Я глубоко вздохнул, чтобы унять биение сердца.

— Хорошо, я — « изоляция», но что же вы хотите от меня?

— Марк хочет, чтобы ты был возле него, как контролер строящейся Энциклопедии. Мы тоже помогаем ему. Но необходимо понять, что, когда Энциклопедия будет завершена, только «слышащие» личности смогут с ней работать. В противном случае землян ожидает глубокое разочарование, моральное опустошение, деградация!

Он вздохнул и мрачно посмотрел на меня.

— Кроме того, Марк сейчас в затруднении. Если он не найдет немедленно последователей, то Энциклопедия никогда не будет завершена. А это, как я уже сказал, будет означать конец Земли. И если уйдут земляне, то человечество молодых миров перестанет быть жизнеспособным. Но это тебя не касается. Не так ли, Там? Ты ведь один из тех, кто враждебно относится к молодым мирам, а?

Я отрицательно покачал головой, словно стряхивая с себя его вопросительный взгляд. Но где-то в глубине души я знал, что он прав! Я представил себя сидящим в кресле перед пультом, прикованным долгом на все оставшиеся мне дни к этой нудной работе... Нет! Я не хотел ни их, ни их работы на Энциклопедии!

Довольно долго и тяжело работать, чтобы избавиться от Матиаса, стать рабом этих беспомощных людей — всех тех в великой массе человеческой расы, кто был слишком слаб, чтобы подчинять себя молнии! Нужно ли мне отбросить перспективу своего могущества и полной свободы ради ТЕХ, кто не в состоянии оплатить эту свободу для себя? Как я оплатил свою? Нет и еще раз нет!

—- Нет! — произнес я с вызовом.

Марк Торр глубоко вздохнул.

— Нет? Вот видишь, Марк, я был абсолютно прав! — кивнул Ладна.

— Ты мой мальчик, не имеешь сочувствия... не имеешь души.

— Что? Души? — переспросил я.— А что это такое?

— Могу ли я описывать цвет золота человеку, слепому от рождения? В одном могу тебя уверить — если ты найдешь ее, то сразу же узнаешь. Но это возможно только в том случае, если пробьешь себе дорогу через долину!

— Долину? Опять изволите говорить загадками?— начал было я снова распаляться.— Какая еще такая долина?

— Ты знаешь, про что я говорю, Там,— спокойно сказал Ладна.— Ты это знаешь лучше, чем я могу тебе объяснить. Это долина мозга и духа, куда возвращается все уникальное, созданное ими. Но оно искажается тобой и потому стремится к разрушению...

«РАЗРУШЕНИЕ»!

Это слово гремело в голосе моего дяди Матиаса, когда он читал Уолтера Бланта.

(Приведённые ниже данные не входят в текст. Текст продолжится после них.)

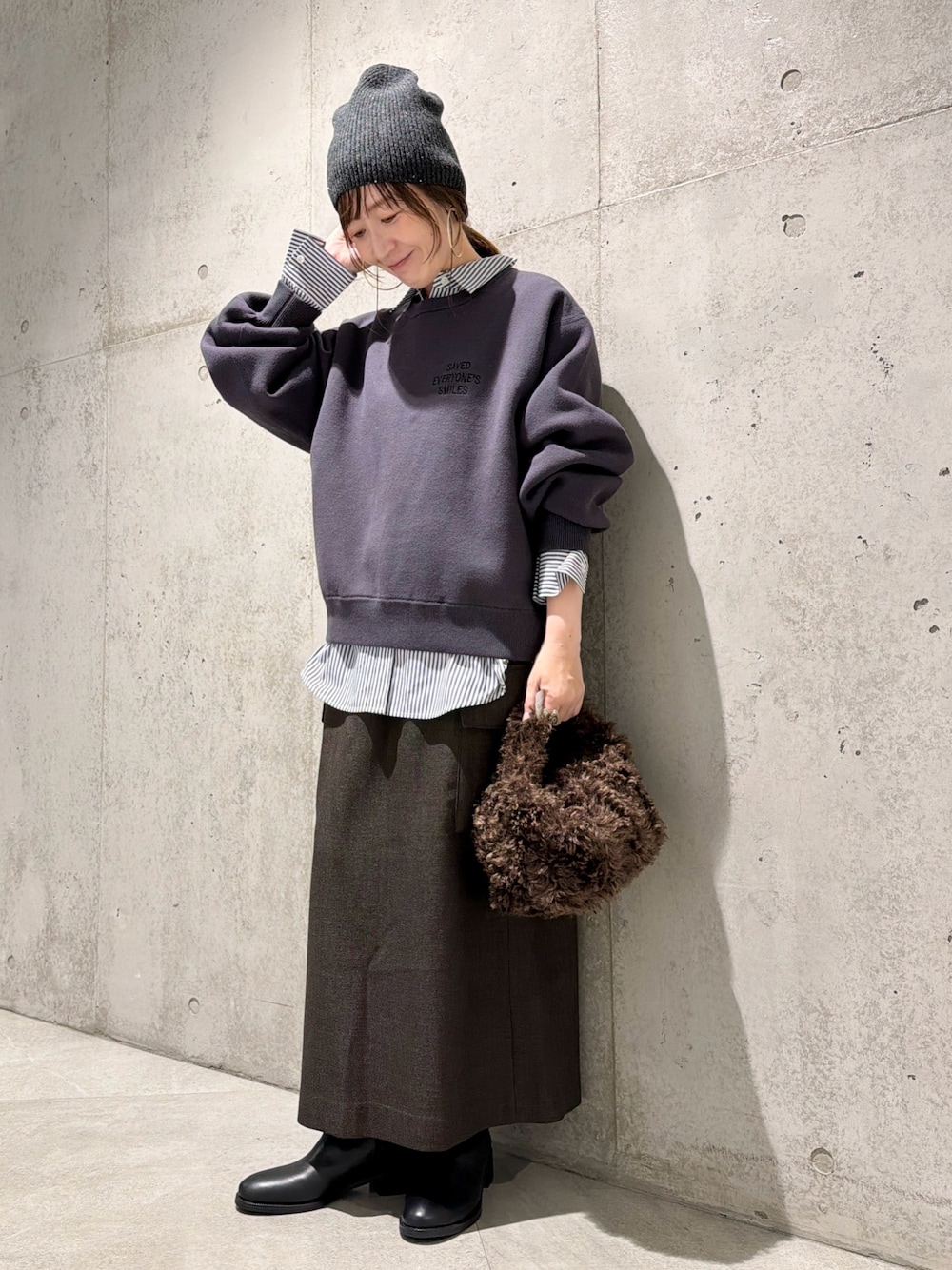 スウェットのようなカジュアルさと、ニットならではの品の良さを併せ持つ優秀なアイテムです。

Внезапно, словно отпечатанное светящимися буквами на внутренней поверхности моего черепа, я увидел слово «ВЛАСТЬ» и понял возможности этой силы применительно ко мне.

И как будто долина раскрылась передо мной. Высокие черные стены высились по обе стороны от меня, теряясь где-то в тумане. Узкая тропинка вела во тьму, где меня поджидало что-то огромное, черное, шевелящееся...

Но даже после того, как я отшатнулся от ЭТОГО, от чего-то великого, черного и ужасного внутри меня, мысль, что я повстречался с ЭТИМ, наполнила меня радостью.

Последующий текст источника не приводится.